*Problem description*. Leaving out all pictures, copy the lines below exactly, from the line with "Boys will be" to the last line, both ends included.

Extracted data entries:
- Opening Delimiter -
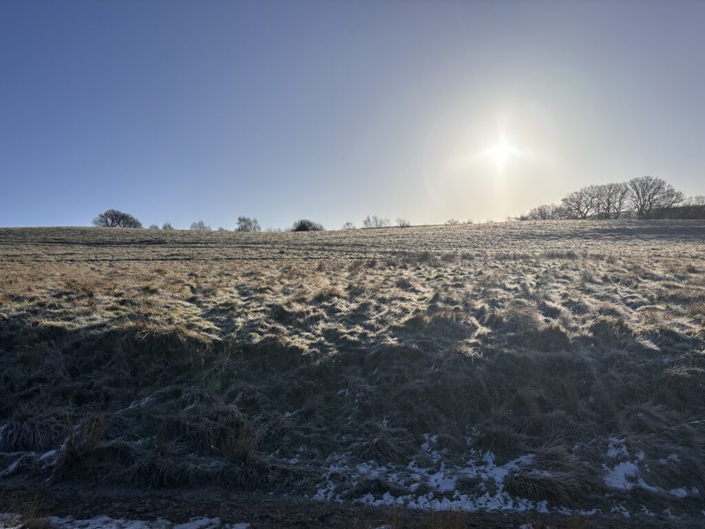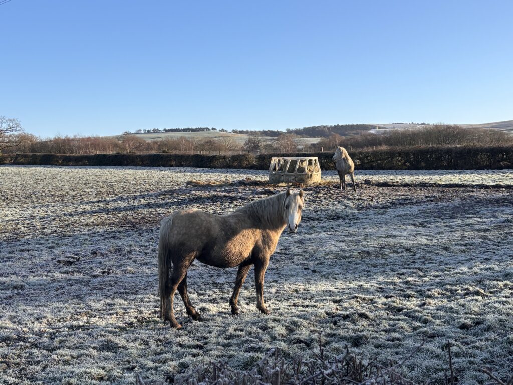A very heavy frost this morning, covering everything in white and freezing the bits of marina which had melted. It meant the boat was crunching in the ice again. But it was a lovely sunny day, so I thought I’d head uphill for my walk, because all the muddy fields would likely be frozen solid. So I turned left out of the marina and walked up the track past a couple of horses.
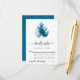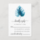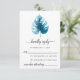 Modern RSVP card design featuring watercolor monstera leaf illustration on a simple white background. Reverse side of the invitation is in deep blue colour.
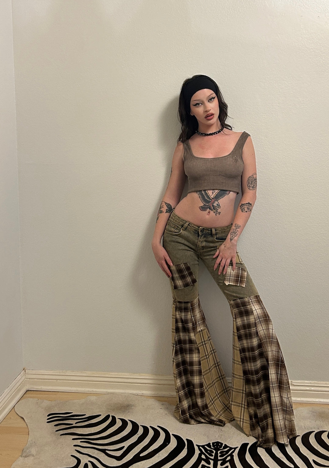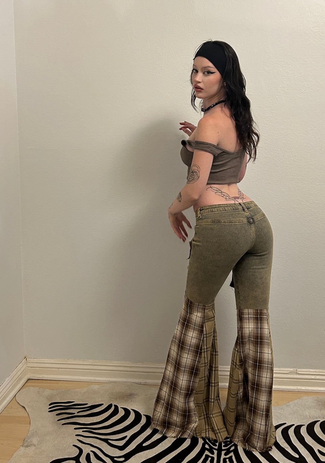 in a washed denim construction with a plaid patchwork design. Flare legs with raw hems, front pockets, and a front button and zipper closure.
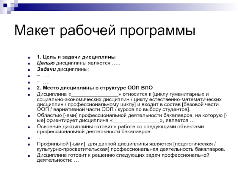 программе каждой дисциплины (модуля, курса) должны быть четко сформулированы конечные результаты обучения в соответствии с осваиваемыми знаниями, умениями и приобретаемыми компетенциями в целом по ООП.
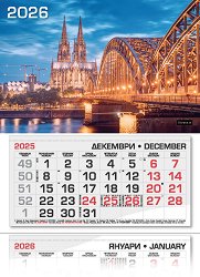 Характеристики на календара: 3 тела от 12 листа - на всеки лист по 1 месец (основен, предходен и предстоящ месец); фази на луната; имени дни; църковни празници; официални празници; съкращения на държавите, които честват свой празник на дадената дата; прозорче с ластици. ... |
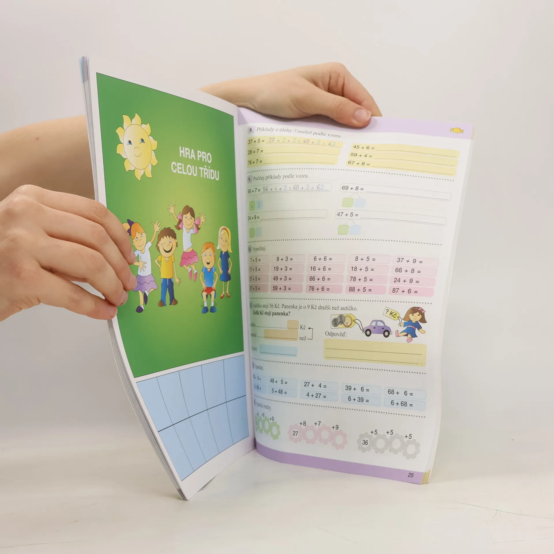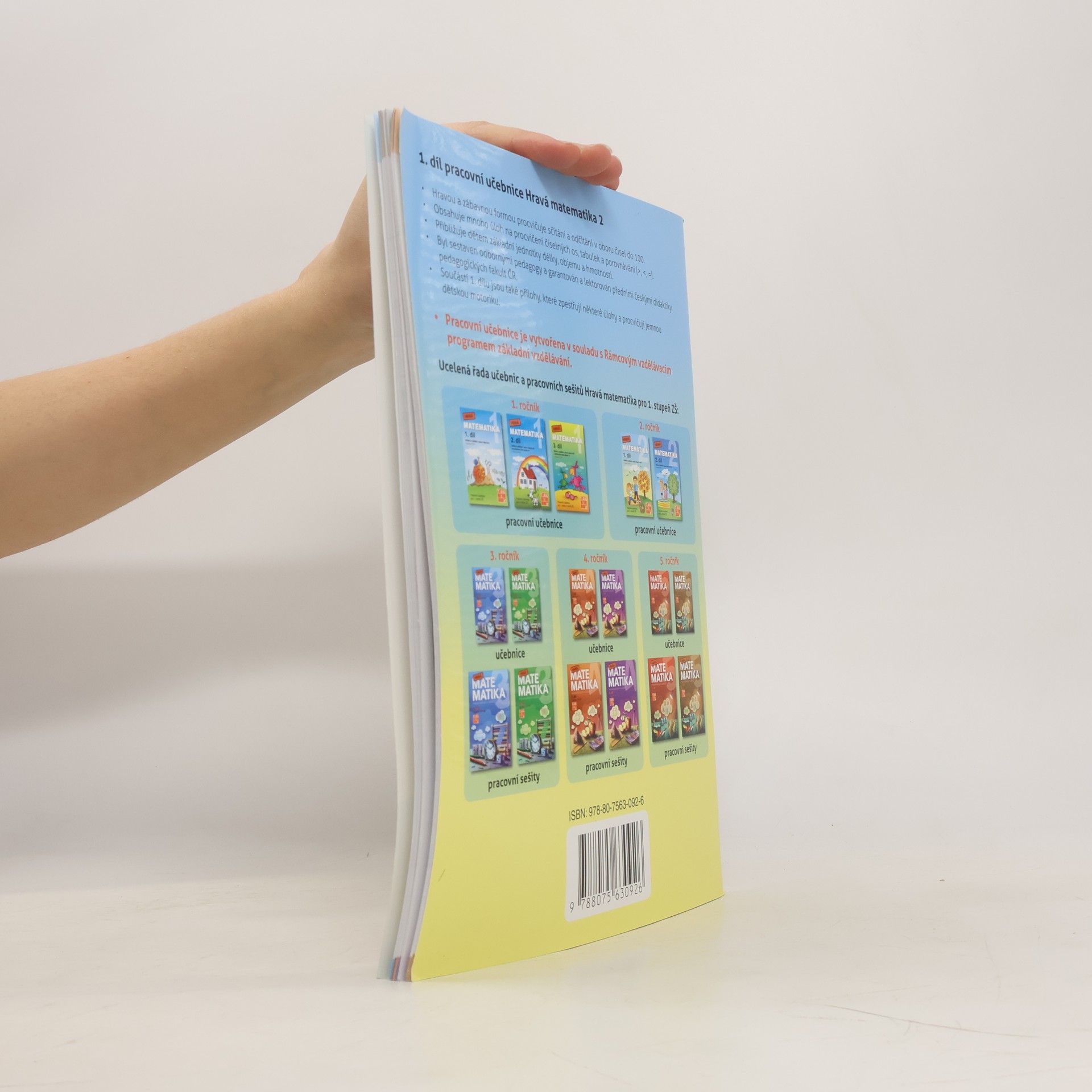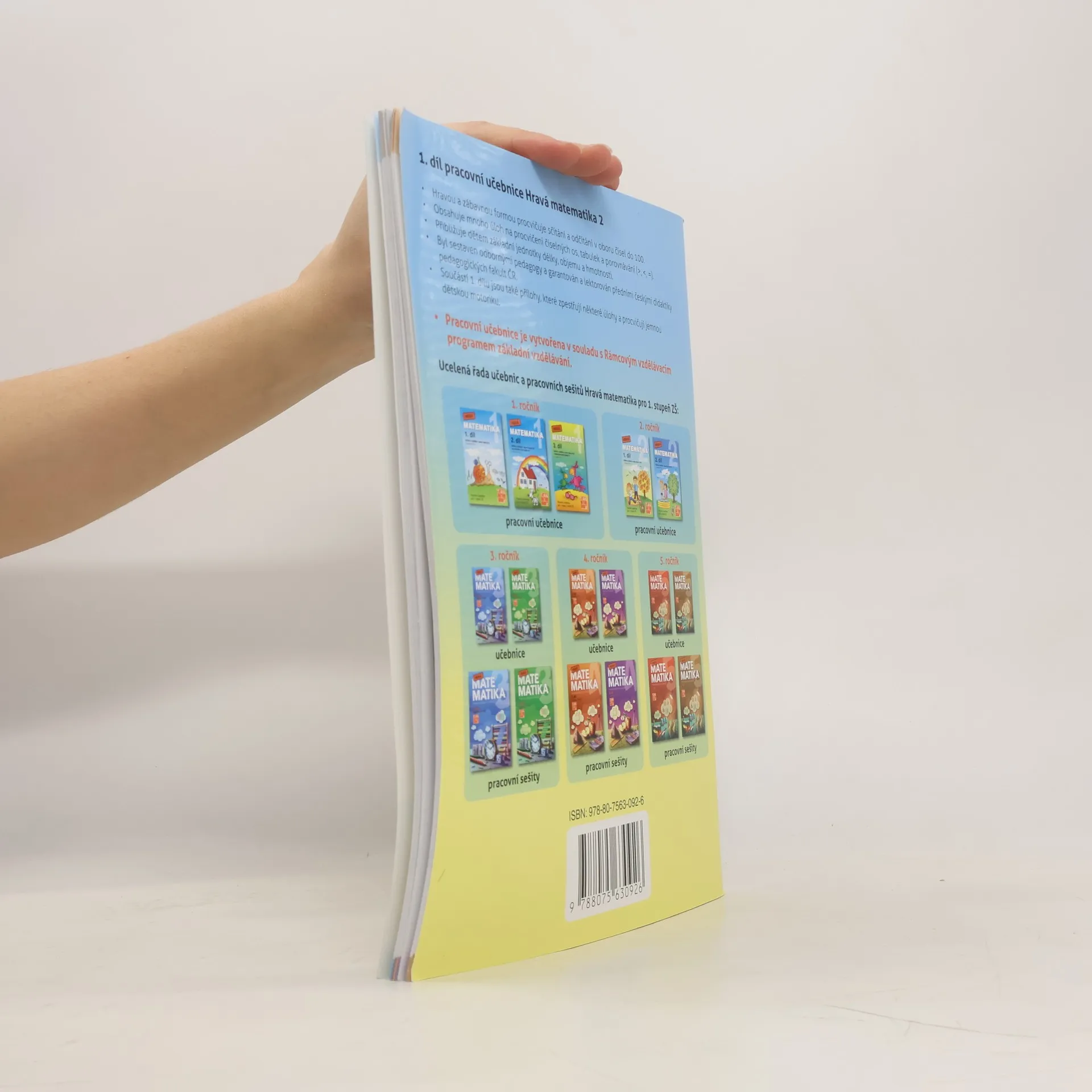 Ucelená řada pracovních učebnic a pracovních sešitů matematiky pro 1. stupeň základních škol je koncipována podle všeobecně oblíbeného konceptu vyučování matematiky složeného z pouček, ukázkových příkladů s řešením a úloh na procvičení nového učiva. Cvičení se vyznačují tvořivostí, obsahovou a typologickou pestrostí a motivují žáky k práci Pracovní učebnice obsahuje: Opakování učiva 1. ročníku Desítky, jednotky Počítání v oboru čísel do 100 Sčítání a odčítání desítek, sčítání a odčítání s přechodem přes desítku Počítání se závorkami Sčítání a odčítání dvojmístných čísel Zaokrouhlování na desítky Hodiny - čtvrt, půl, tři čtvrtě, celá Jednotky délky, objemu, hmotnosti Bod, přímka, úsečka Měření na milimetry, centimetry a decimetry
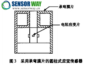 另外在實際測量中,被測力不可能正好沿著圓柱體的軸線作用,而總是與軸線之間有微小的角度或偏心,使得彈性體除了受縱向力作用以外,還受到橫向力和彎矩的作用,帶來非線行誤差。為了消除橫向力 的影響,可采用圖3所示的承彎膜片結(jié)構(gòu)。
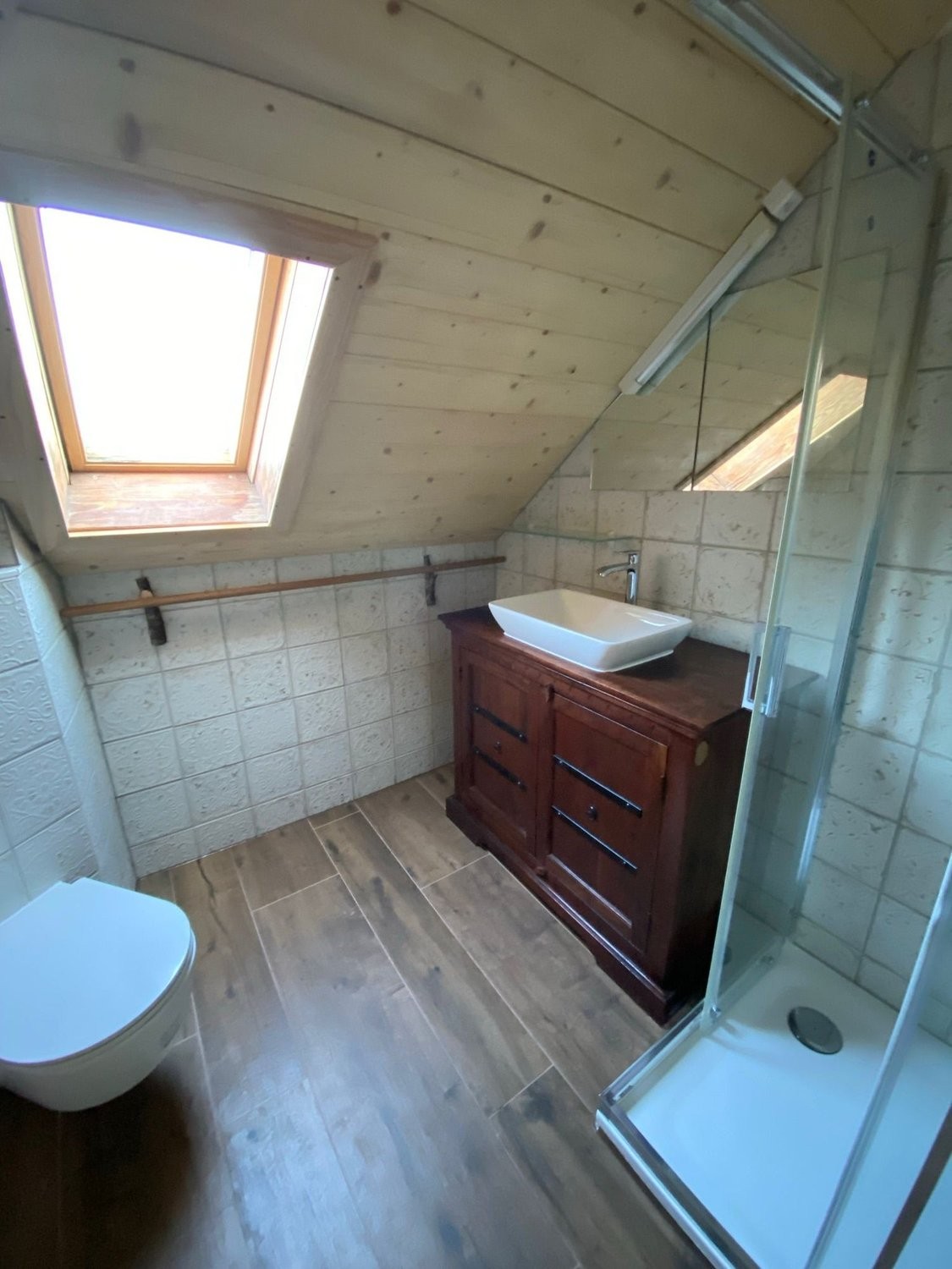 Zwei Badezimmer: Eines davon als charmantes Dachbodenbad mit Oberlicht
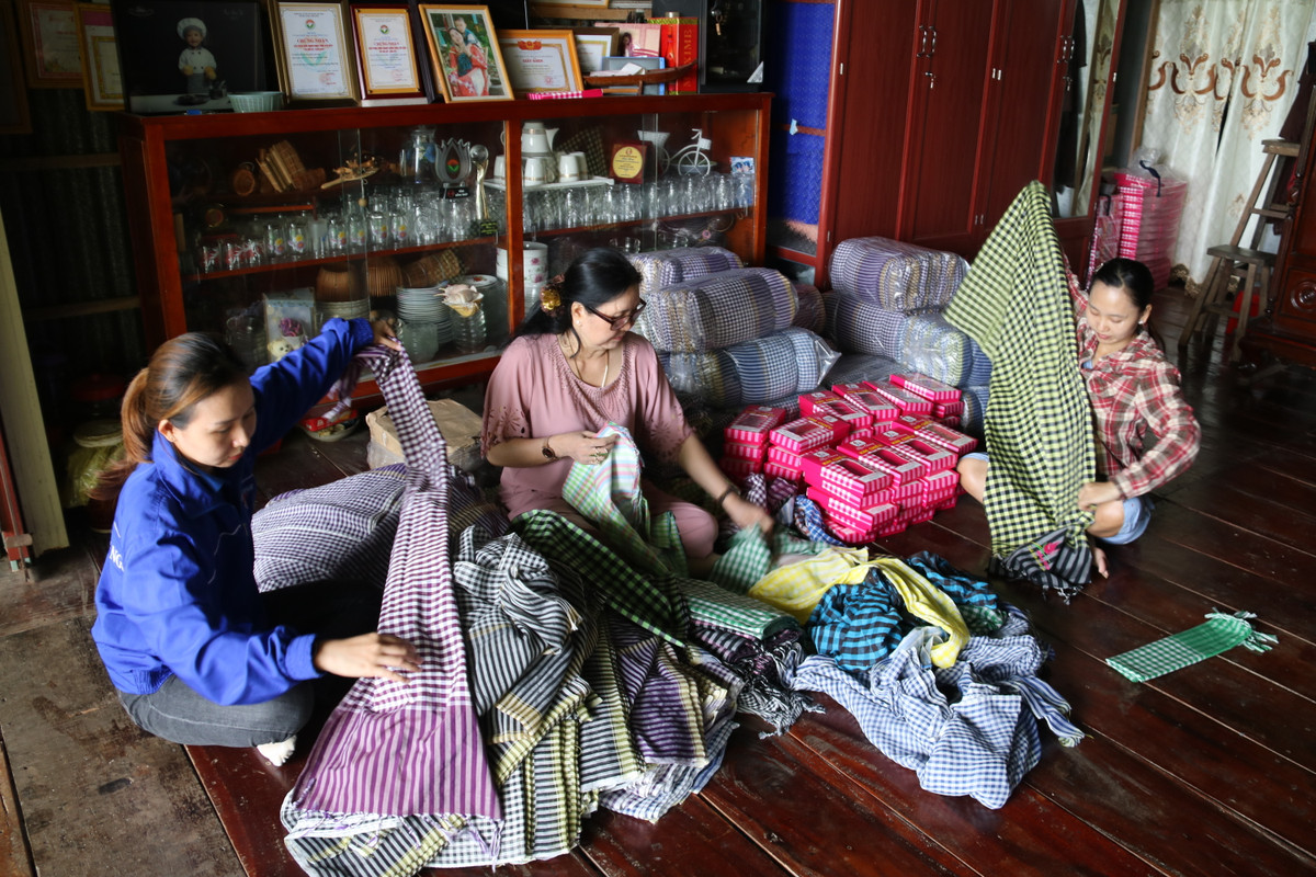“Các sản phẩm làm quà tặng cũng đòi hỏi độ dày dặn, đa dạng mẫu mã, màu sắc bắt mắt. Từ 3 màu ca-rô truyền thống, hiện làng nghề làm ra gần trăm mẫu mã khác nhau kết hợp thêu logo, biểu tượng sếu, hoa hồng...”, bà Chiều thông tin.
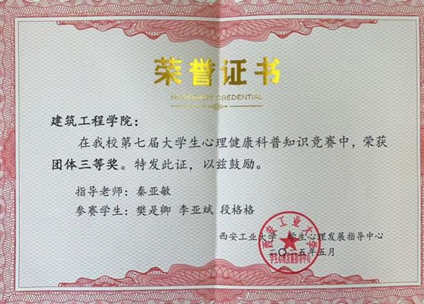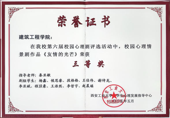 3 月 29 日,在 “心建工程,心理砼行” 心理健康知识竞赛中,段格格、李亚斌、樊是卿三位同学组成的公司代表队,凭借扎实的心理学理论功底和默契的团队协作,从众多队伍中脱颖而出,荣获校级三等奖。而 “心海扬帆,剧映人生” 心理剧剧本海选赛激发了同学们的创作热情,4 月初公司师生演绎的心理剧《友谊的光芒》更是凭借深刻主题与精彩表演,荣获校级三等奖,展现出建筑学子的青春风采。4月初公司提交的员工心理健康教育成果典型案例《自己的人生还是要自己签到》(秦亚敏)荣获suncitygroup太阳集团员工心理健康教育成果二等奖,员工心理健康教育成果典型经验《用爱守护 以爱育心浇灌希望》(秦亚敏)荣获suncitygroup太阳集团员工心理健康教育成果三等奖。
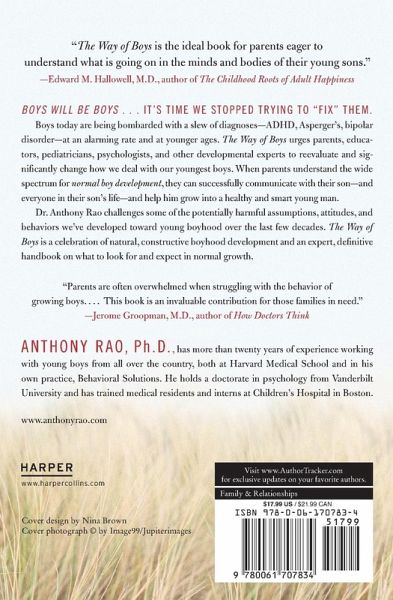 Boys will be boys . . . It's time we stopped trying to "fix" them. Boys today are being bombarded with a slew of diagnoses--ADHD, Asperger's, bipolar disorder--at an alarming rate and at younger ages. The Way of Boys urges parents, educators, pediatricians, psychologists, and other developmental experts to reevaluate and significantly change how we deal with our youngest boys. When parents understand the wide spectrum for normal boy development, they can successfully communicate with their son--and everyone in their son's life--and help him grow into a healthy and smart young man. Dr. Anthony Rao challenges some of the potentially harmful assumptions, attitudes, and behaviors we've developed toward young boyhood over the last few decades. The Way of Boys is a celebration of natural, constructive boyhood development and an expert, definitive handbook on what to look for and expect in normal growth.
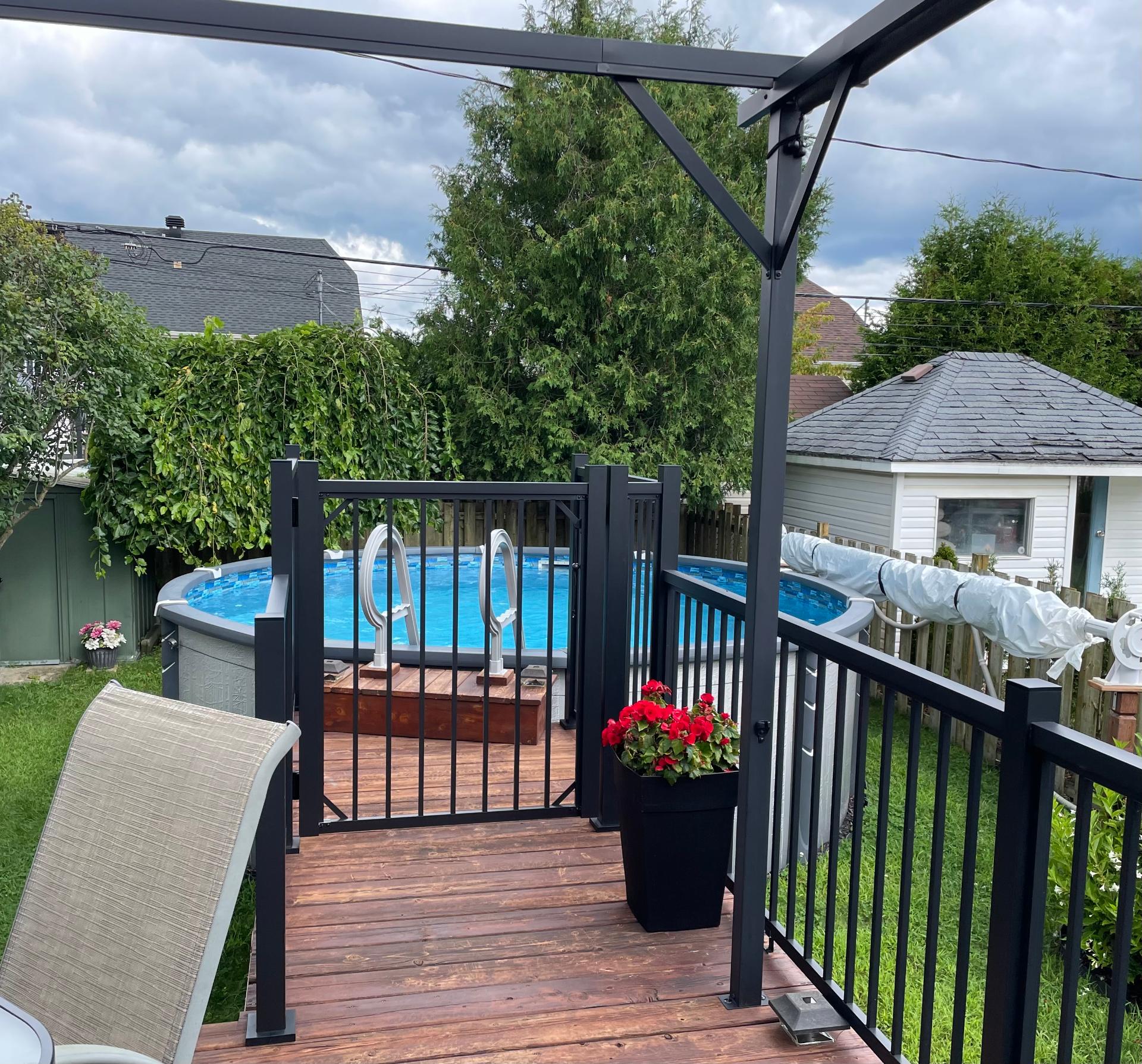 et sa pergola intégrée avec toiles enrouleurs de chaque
- Closing Delimiter -
*Answer section*.
 Boys will be boys . . . It's time we stopped trying to "fix" them. Boys today are being bombarded with a slew of diagnoses--ADHD, Asperger's, bipolar disorder--at an alarming rate and at younger ages. The Way of Boys urges parents, educators, pediatricians, psychologists, and other developmental experts to reevaluate and significantly change how we deal with our youngest boys. When parents understand the wide spectrum for normal boy development, they can successfully communicate with their son--and everyone in their son's life--and help him grow into a healthy and smart young man. Dr. Anthony Rao challenges some of the potentially harmful assumptions, attitudes, and behaviors we've developed toward young boyhood over the last few decades. The Way of Boys is a celebration of natural, constructive boyhood development and an expert, definitive handbook on what to look for and expect in normal growth.
 et sa pergola intégrée avec toiles enrouleurs de chaque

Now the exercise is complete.